Refiro-me à notícia, vinda no Publico de 26/6/2002, sobre um anúncio que acabava de ser exibido nas sete principais cadeias da TV francesas. Eis alguns excertos:

"Numa altura em que é cada vez mais difícil distinguir a informação da publicidade, os telespectadores gauleses viram surgir, no intervalo dos noticiários ou entre programas do horário nobre, um fundo negro sobre o qual ia aparecendo escrito um aviso. Uma voz-off acompanhava o aparecimento das palavras: "Foram detectados vestígios de ácido cianídrico, mercúrio, acetona e amoníaco num produto de grande consumo".

Ainda segundo o Público, "o anúncio remetia depois para um número de telefone gratuito, através dos qual os telespectadores poderiam obter mais informações sobre o assunto, nomeadamente sobre o produto em causa (...)".

Lançado de forma "alarmista e surpreendente", o anúncio, de cinco segundos, provocou uma onda de pânico: "as pessoas temiam que se tratasse de um alimento envenenado ou de um produto de higiene".

Ainda a notícia do Público, houve o maior secretismo no lançamento da campanha de tal modo que os próprios órgãos de comunicação social foram apanhados desprevenidos.
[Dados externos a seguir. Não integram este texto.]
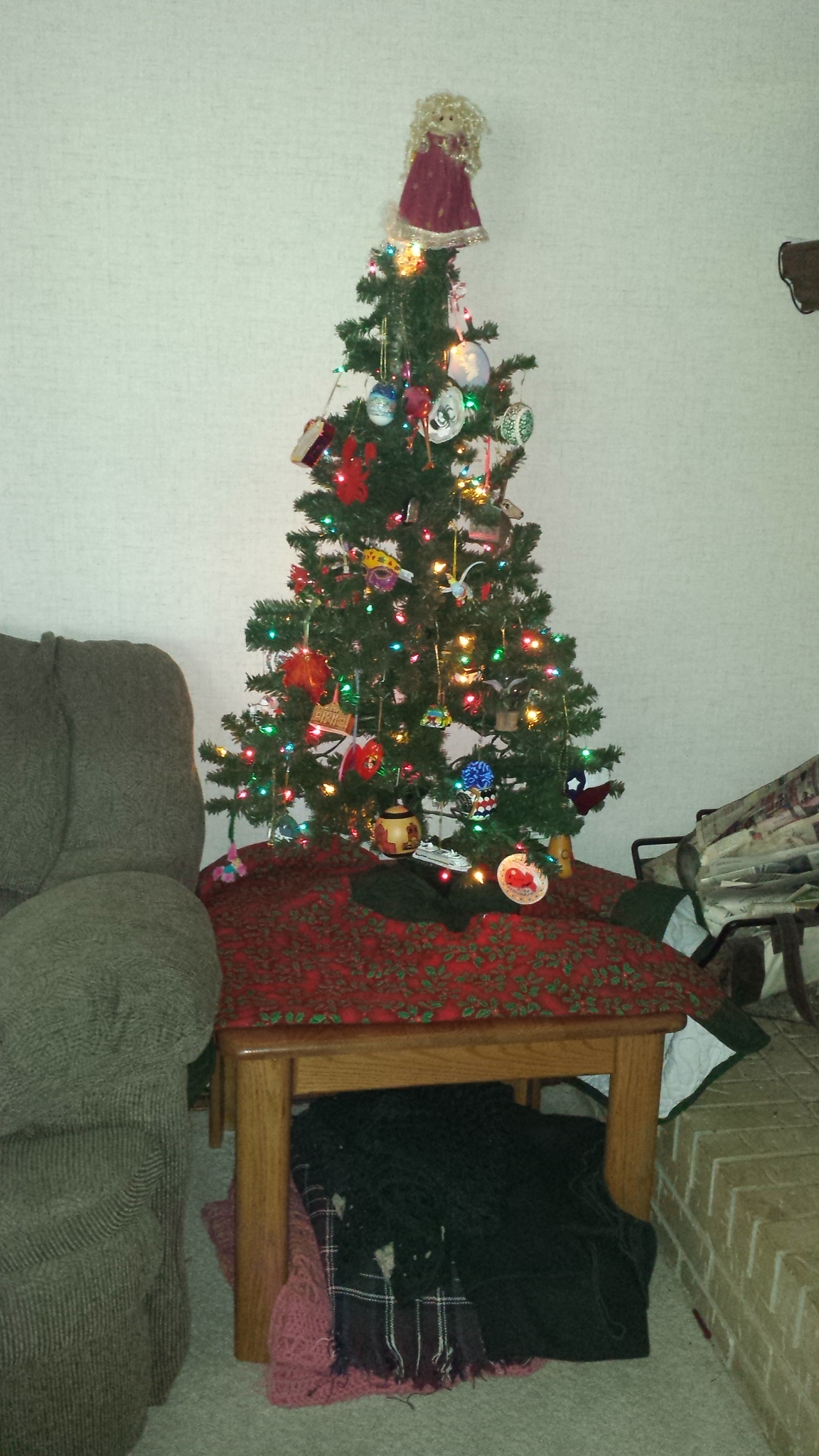 But the real answer, I think, is that we just need to consciously make our holiday simpler. In the past few days, I have mentioned my angel tree that we keep in our living room in front of the window. For years, I also put up a Christmas tree in our family room with all the ornaments I collected over the years. A few years ago, I decided that was too much work because we take down all of our Christmas decorations on Christmas Eve so our house is neutralized before we leave for AZ on Christmas Day. But last year, I decided that I missed those lights in the room in which we actually spend time, so I went out and bought a little tabletop tree. I can put it up myself in about a minute-and-a-half. It makes me very happy as I put on my favorite ornaments that I’ve collected over the years….

Como resultado, o número de telefone gratuito, “preparado para atender 50 mil chamadas por hora, bloqueou e permaneceu inacessível durante a noite de domingo. Mesmo depois de uma segunda parte do anúncio ter sido exibida, explicando que o produto 'contaminado' eram os cigarros, muitas pessoas continuavam agarradas ao telefone".
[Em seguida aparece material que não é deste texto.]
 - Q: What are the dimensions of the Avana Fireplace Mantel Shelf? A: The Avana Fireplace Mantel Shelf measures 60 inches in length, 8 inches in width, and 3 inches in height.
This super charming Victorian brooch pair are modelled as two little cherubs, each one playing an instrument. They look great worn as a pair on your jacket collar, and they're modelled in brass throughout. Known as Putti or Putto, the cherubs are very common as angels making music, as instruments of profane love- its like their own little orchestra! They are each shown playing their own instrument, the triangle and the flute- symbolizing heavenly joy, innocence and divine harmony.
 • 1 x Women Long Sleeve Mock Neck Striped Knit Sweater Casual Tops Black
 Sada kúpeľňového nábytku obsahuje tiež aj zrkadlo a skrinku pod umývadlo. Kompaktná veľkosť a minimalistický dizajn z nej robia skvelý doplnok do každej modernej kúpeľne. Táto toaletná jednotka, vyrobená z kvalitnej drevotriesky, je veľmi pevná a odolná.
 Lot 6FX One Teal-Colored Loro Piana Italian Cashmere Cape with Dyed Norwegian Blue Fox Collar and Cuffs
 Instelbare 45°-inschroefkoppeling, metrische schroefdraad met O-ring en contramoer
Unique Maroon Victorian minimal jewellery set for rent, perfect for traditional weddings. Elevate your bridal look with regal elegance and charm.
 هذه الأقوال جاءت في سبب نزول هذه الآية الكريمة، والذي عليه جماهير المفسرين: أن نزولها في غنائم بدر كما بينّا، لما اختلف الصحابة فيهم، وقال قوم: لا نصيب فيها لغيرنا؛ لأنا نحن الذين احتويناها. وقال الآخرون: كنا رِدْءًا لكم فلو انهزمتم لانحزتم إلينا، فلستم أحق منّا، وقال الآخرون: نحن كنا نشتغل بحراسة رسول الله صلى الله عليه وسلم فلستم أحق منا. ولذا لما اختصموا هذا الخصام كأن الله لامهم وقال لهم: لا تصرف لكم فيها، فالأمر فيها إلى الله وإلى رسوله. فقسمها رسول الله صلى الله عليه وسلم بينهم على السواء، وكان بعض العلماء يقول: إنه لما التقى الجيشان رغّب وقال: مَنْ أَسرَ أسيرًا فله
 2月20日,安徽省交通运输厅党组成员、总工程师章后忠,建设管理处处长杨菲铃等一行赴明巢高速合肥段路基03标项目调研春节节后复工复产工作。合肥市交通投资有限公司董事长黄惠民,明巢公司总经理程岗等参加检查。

Com um custo estimado de 4 milhões e meio de euros, a campanha publicitária estava programada para decorrer até 7 de Julho de 2002, tendo sido patrocinada pelo Instituto Nacional de Prevenção e Educação para a Saúde (INPES), em parceria com a Segurança Social francesa (a quem compete pagar os encargos com os cuidados de saúde, os medicamenos, as despesas médicas, a hospitalização, etc.).

Segundo a agência publicitária que criou o polémico anúncio (a Euro RSCG BETC), era preciso dramatizar a situação, com o argumento de que os epidemiologistas e demais especialistas da saúde pública estavam desesperados porque ninguém... lhes dava ouvidos!
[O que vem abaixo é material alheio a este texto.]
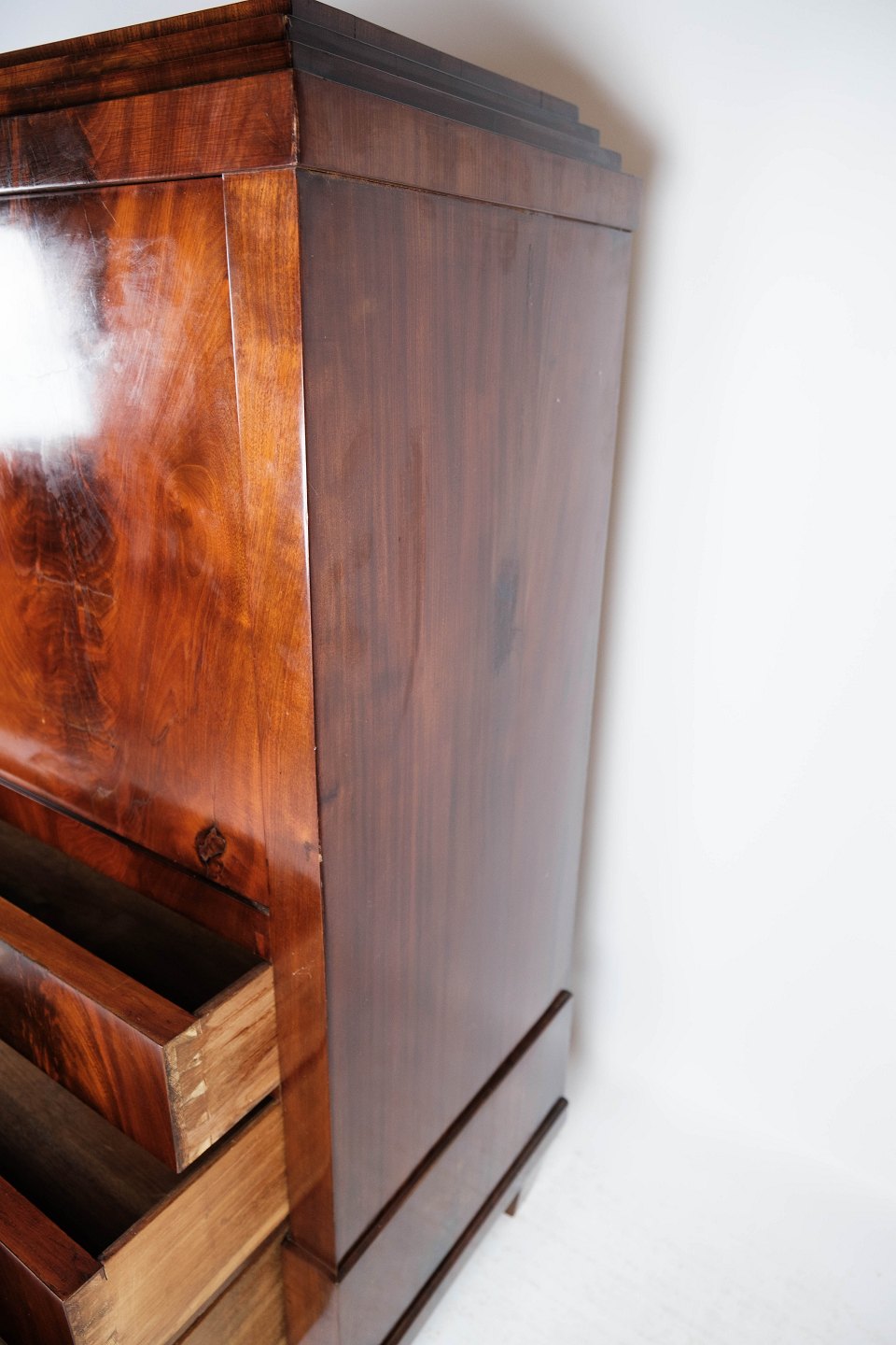 SolgtEmpire sekretær af mahogni med intarsia, i flot antik stand fra 1840.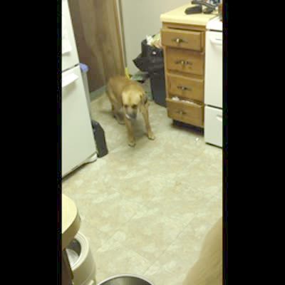 A young man dances and sings as he mops a floor, then he falls out of a door while he works at a dog groomer. Security footage.

Um responsável do INPES disse à imprensa que era preferível assustar os franceses a ter que “lidar anualmente com 60 mil mortes causadas pelo tabaco”, uma verdadeira hecatombe!...

As reacções que se seguiram foram as mais diversas: (i) uns felicitaram o "genial golpe mediático", enquanto (ii) outros se mostraram revoltados contra "contra a hipocrisia do Estado", o tal que com uma mão paga este tipo de anúncios e com a outra arrecada quantias astronómicas provenientes das elevadas taxas fiscais impostas ao consumo de tabaco.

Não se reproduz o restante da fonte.